▸ Exercise objective
Only the pictures stay out; every record is to be quoted exactly.
───── Records shown ─────
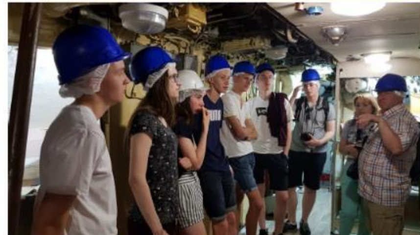
Im Technischen Museumspark in Togliatti
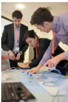
Der Hands-on-Workshop kam bei allen gut an.
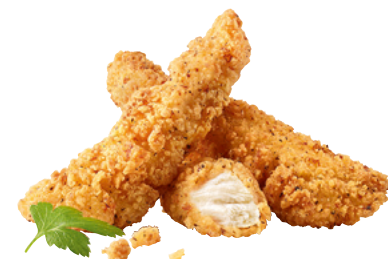
903512 · 5/1 kg (25/40 ud x kg) Homestyle Chik'n Fingers Buttermilk
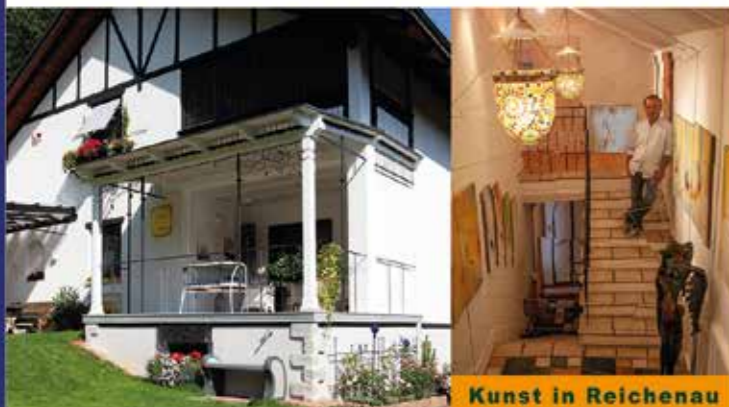
Kunst in Reichenau
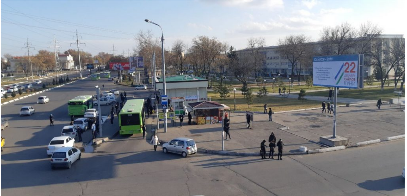
По мнению ОБСЕ, предвыборная активность слабо наблюдалась на улицах.

Между тем, миссия наблюдателей Бюро по демократическим институтам и правам человека (БДИПЧ) ОБСЕ заявила, что многие характерные черты прошлых выборов наблюдаются и в ходе нынешних. Об этом говорится в промежуточном докладе БДИПЧ ОБСЕ, опубликованном 13 декабря.
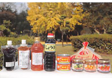
大人気の加工品! 他にはパンやベーコンも。ドローン飛行実習とプログラミング学習
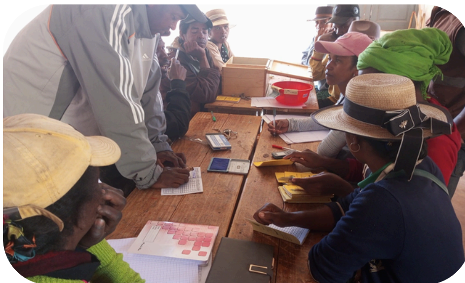
Réunion d'achat des parts et de prêts - Andina
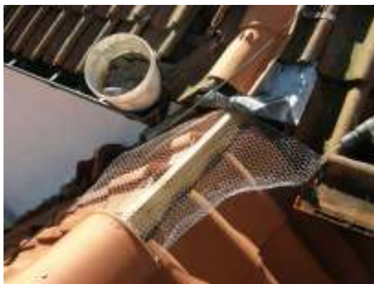
Armeringsnät under nockpannorna.

I samband med att nockpannorna fogades lades en remsa av galvaniserat hönsnät mellan nocken och nockbrädan för att skapa armering åt kalkbruket. Åtgärden bedöms ha ökat fogningens livslängd avsevärt.
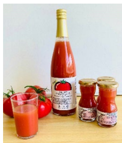
農場で栽培したトマトで作った 無塩のトマトジュース
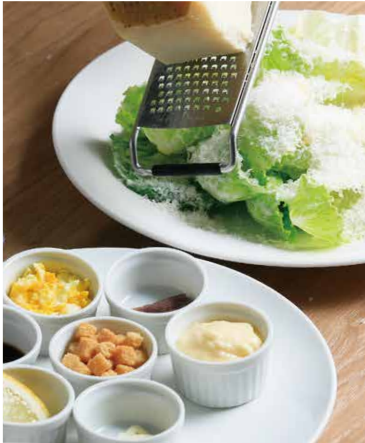
ザ・ギャレイの クラシックシーザーサラダ 1,550 Caesar salad (税込1,705)

お客様の目の前でドレッシングを仕上げ、出来たてのシーザーサラダをご提供いたします。たっぷりチーズをおかけします。
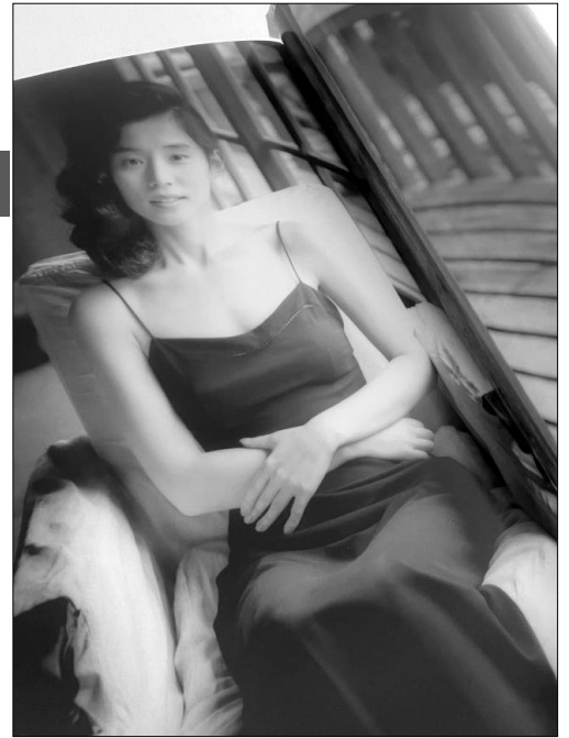
石田ゆり子写真集 (94年) より
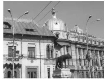
ローマ広場(ロムルスとレムス)の小パリの景観

4日目はデンマーク、ルーマニア、USA、ブルガリア、フランス、アルゼンチンの発表があった。建築やまちの歴史的価値の発見と再構築の実践例、元共産圏からは個の存在を拒否され家族の絆の重要性を確認し住宅で具現化した例、また粗略にされた歴史的建築物保存の重要性、女性の社会的地位未確立国からはその役割の歴史的的分析確認が自らの方向性の確信をもたらすとの報告があった。午後からはブカレスト市内見学とフェアウェルパーティー。市内は元小パリと呼ばれただけあって緑深き公園や歴史的な建築物や教会も多く残っていた。高層建築物は見なかった。私個人は公衆トイレから公的サービスが住民本位レベルに至っていない事を推測した。それはトイレの数不足、不十分な清掃管理、ユニバーサルデザインの未整備に見えた。夜のパーティーは、ルーマニアの民族舞踊や音楽の披露があり、また他国の方と身振り手振りで交流を楽しんだ。今回、私の見たUIFA世界大会での最大の収穫は、女性建築家の立場を切り開いてきた諸先輩の現在も健在である、しなやかでたくましい人間性とバイタリティーであり、私も大きな「元気」を得た。
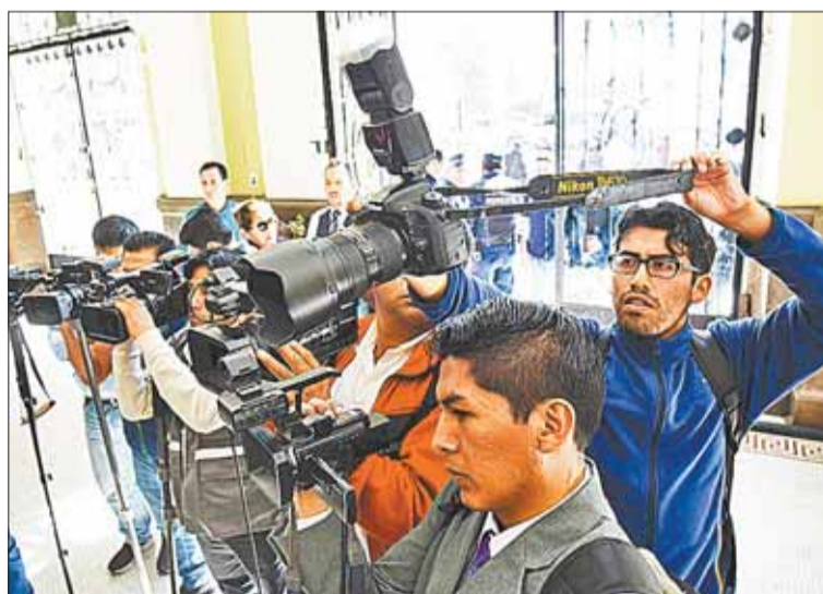
LA PAZ. Informe dice que medios informan en función de su agenda.

El documento, con datos obtenidos entre el 15 de marzo al 7 de abril de este año dedicó su quinta sección una serie de preguntas referidas a los medios.
─────
▸ Response to the task
Im Technischen Museumspark in Togliatti
Der Hands-on-Workshop kam bei allen gut an.
903512 · 5/1 kg (25/40 ud x kg) Homestyle Chik'n Fingers Buttermilk
Kunst in Reichenau
По мнению ОБСЕ, предвыборная активность слабо наблюдалась на улицах.

Между тем, миссия наблюдателей Бюро по демократическим институтам и правам человека (БДИПЧ) ОБСЕ заявила, что многие характерные черты прошлых выборов наблюдаются и в ходе нынешних. Об этом говорится в промежуточном докладе БДИПЧ ОБСЕ, опубликованном 13 декабря.
大人気の加工品! 他にはパンやベーコンも。ドローン飛行実習とプログラミング学習
Réunion d'achat des parts et de prêts - Andina
Armeringsnät under nockpannorna.

I samband med att nockpannorna fogades lades en remsa av galvaniserat hönsnät mellan nocken och nockbrädan för att skapa armering åt kalkbruket. Åtgärden bedöms ha ökat fogningens livslängd avsevärt.
農場で栽培したトマトで作った 無塩のトマトジュース
ザ・ギャレイの クラシックシーザーサラダ 1,550 Caesar salad (税込1,705)

お客様の目の前でドレッシングを仕上げ、出来たてのシーザーサラダをご提供いたします。たっぷりチーズをおかけします。
石田ゆり子写真集 (94年) より
ローマ広場(ロムルスとレムス)の小パリの景観

4日目はデンマーク、ルーマニア、USA、ブルガリア、フランス、アルゼンチンの発表があった。建築やまちの歴史的価値の発見と再構築の実践例、元共産圏からは個の存在を拒否され家族の絆の重要性を確認し住宅で具現化した例、また粗略にされた歴史的建築物保存の重要性、女性の社会的地位未確立国からはその役割の歴史的的分析確認が自らの方向性の確信をもたらすとの報告があった。午後からはブカレスト市内見学とフェアウェルパーティー。市内は元小パリと呼ばれただけあって緑深き公園や歴史的な建築物や教会も多く残っていた。高層建築物は見なかった。私個人は公衆トイレから公的サービスが住民本位レベルに至っていない事を推測した。それはトイレの数不足、不十分な清掃管理、ユニバーサルデザインの未整備に見えた。夜のパーティーは、ルーマニアの民族舞踊や音楽の披露があり、また他国の方と身振り手振りで交流を楽しんだ。今回、私の見たUIFA世界大会での最大の収穫は、女性建築家の立場を切り開いてきた諸先輩の現在も健在である、しなやかでたくましい人間性とバイタリティーであり、私も大きな「元気」を得た。
LA PAZ. Informe dice que medios informan en función de su agenda.

El documento, con datos obtenidos entre el 15 de marzo al 7 de abril de este año dedicó su quinta sección una serie de preguntas referidas a los medios.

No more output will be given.